Es difícil conocer la causa que originó esta tragedia. Para dilucidarla sería preciso, antes de
nada, conocer los resultados del sumario que por seguro habrá ordenado el Almirantazgo
británico. Pero ello es prácticamente imposible. No teniendo una noticia oficial no puedo
adelantar sino conjeturas; y en este orden de ideas es interesante la información que
suministra un ilustrado marino y expedicionario francés, el capitán Luis J. Martial, que
visito Punta Arenas en La Romanche al año siguiente del suceso. Según él, existe una
versión acerca de la cual no garantiza la autenticidad, que atribuye la explosión el empleo
de una nueva pintura que contenía un poderoso secante. Un cajón de este preparado,
colocado inadvertidamente en la vecindad de la fragua, habría prendido de pronto, y el
incendio, rápida y violentamente comunicado al polvorín o santabábara.
Puede haber sido también una combustión o explosión espontánea de la pólvora.

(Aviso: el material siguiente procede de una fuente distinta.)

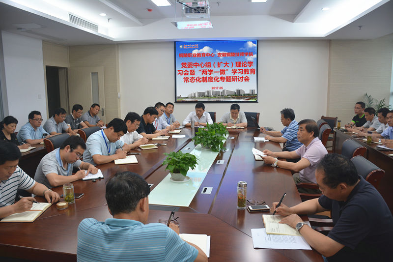 在习近平总书记视察安徽一周年之际,为深入学习贯彻习近平总书记视察安徽重要讲话精神,5月23日下午,我校在图文信息中心七楼会议室召开了党委中心组(扩大)学习会暨“两学一做” 学习教育常态化制度化专题研讨会。学校党委班子成员、全体中层以上干部参会。学习研讨会由党委书记刘曙光主持。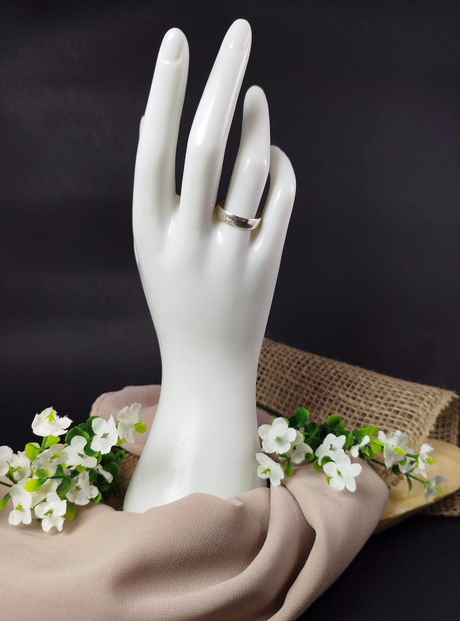 Elaborado en plata de alta pureza (950), posee un acabado pulido espejo que resalta su brillo natural y refleja la luz de manera uniforme. Su forma redondeada y superficie suave ofrecen una sensación cómoda al usarlo, ideal tanto para hombres como para mujeres.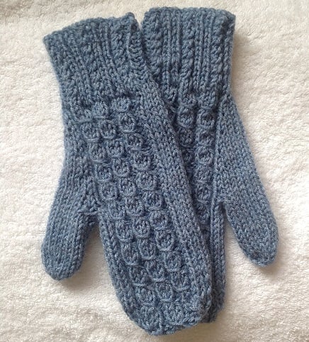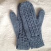 These lovely mittens have a great little twist rib in the cuff which is easy to do. The mock cable on the front is worked with no cable needle. The palm side is knitted in stocking stich. These are worked flat with a seam They have a lovely texture and look so elegant.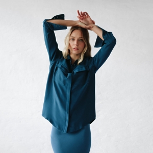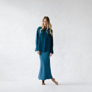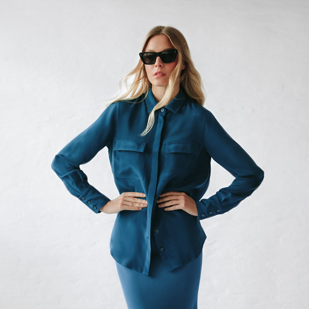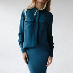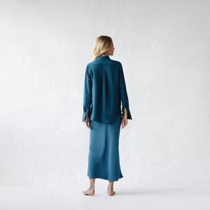 100% silk shirt blue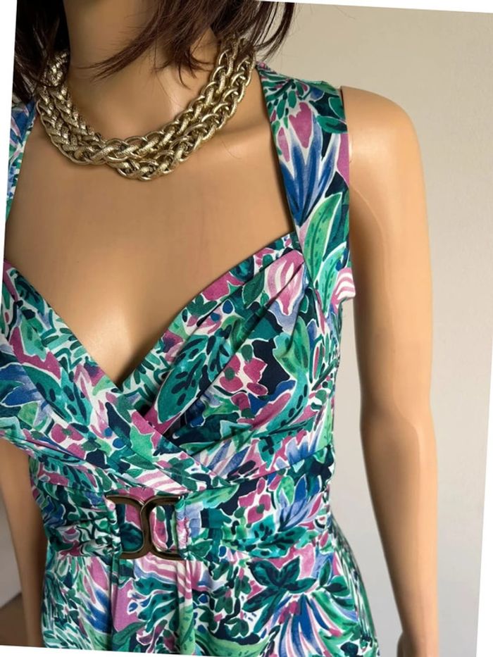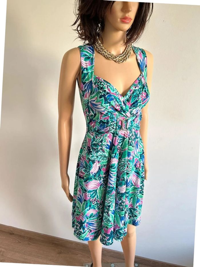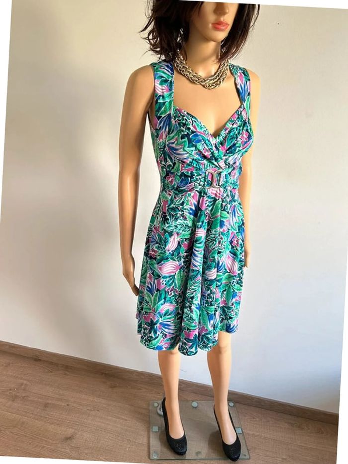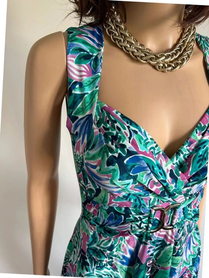 Magnifique robe imprimée sans manches verte et multicolore, de marque Morgan. Taille 36. Elle est neuve avec étiquette. aisselle à aisselle 35 cms à 42 cms taille 32 cms à 38 cms longueur depuis épaule 90 cms Le tissu est extensible 93% polyester et 7% elasthanne Le prix reste négociable dans la limite du raisonnable. Un petit cadeau dans le colis 🌸 (Boîte 39)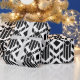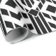 Stilfullt slående in papper presenterar ett utsmyckat svartvitt geometriskt mönster av randar och diamanter. Någon av diamantöverlappningen samla i en klunga av tre sätta en klocka på svart randar som, om de är hållande dem. Kolonner av svart diamanter med djärv vit skisserar separat triosna av randar. Mer ytterligare divide för vitstreck som avbilda in i delar upp.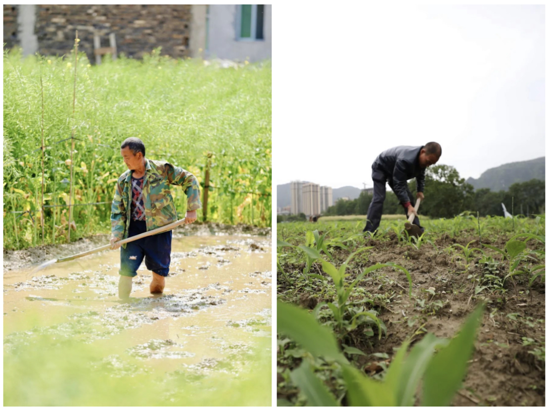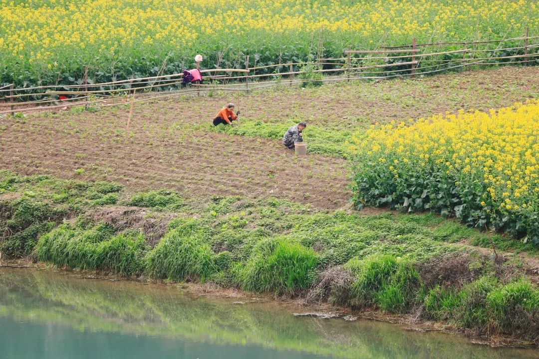 在江口,农民伯伯在田间辛勤播种时,也成为了景色的一部分。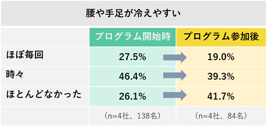 また、「腰や手足が冷えやすい」という症状については、プログラム開始時、27.5%の人が「ほぼ毎回」感じると回答していましたが、プログラム参加後は19.0%に減少し、「ほとんどなかった」の回答が26.1%から41.7%と、15.6ポイント増加していることが分かります。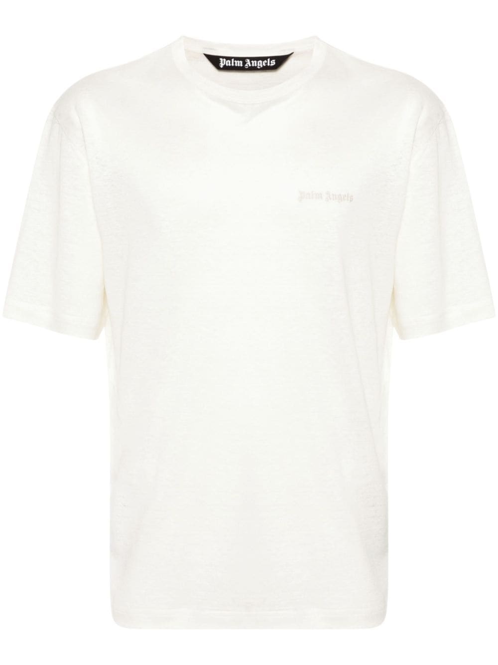 semi-sheer linen T-shirt Cut in Italy, this off-white T-shirt from Palm Angels is made from breathable crisp linen that lends its understated design a semi-sheer quality. A matching logo is embroidered at the chest for a branded flair. Highlights - White - Linen/flax - Semi-sheer construction - Ribbed trim - Embroidered logo at the chest - Crew neck - Drop shoulder - Short sleeves - Straight hem Made in Italy Composition Linen/Flax 100% SIZE & FIT Model measurements Height 6 ft 2 in(1.87 m) Bust/Chest 38.18 in(97 cm) Hips 36.61 in(93 cm) Waist 29.13 in(74 cm) FittingInformation Designed for a relaxed fit, this piece allows for comfort and movement when worn Made from a midweight non-stretch fabric, this piece offers minimal elasticity when worn This piece fits true to size – take your usual size Washing instructions Hand Wash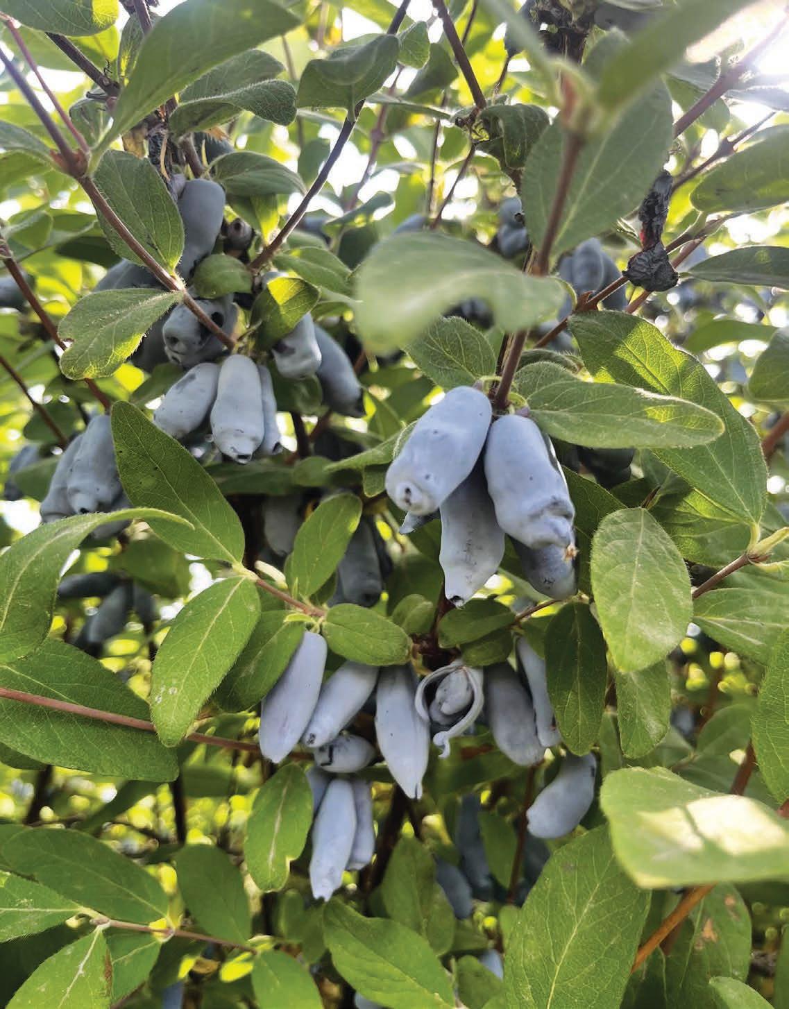 Melissa Allred of Aspen Grove Farm in Corvallis is the frst commercial honeyberry grower in Montana. Her fve acres of honeyberry bushes produce about 15,000 pounds of berries annually, all ripening in a narrow window from early July to early August. This sounds like a delicious problem to have, but it poses a challenge on the sales side: simultaneous ripening means that the bounty must all be dealt with at once. Even with presence at area farmers markets, a farmstand, U-pick days, and wholesale and retail customers, not all of Allred’s berries can be sold fresh. Last summer, Therrien worked at Aspen Grove, where he learned frsthand about the risk that all that simultaneous berry abundance would result in food waste.

Esta clase
de accidentes, en efecto, y no obstante los progresos en la calidad de los explosivos, se han
repetido muchas veces en la historia de las marinas de guerra, con efectos aun más
desastrosos.
De todos modos, no deja de ser curiosa esta jugada del destino al señalar la bahía de Punta
Arenas, apartada y modesta, como el escenario de una gran tragedia que conmovió los
corazones y tuvo gran repercusión. Pero ya lo hemos dicho en otras ocasiones: Punta
Arenas, no obstante su corta existencia, su pequeñez y su lejanía, ya posee un precioso
caudal de acontecimientos para hacer historia. En este sentido- y en otros que callamos los
puntarenenses por modestia- pocos pueblos se le asemejan.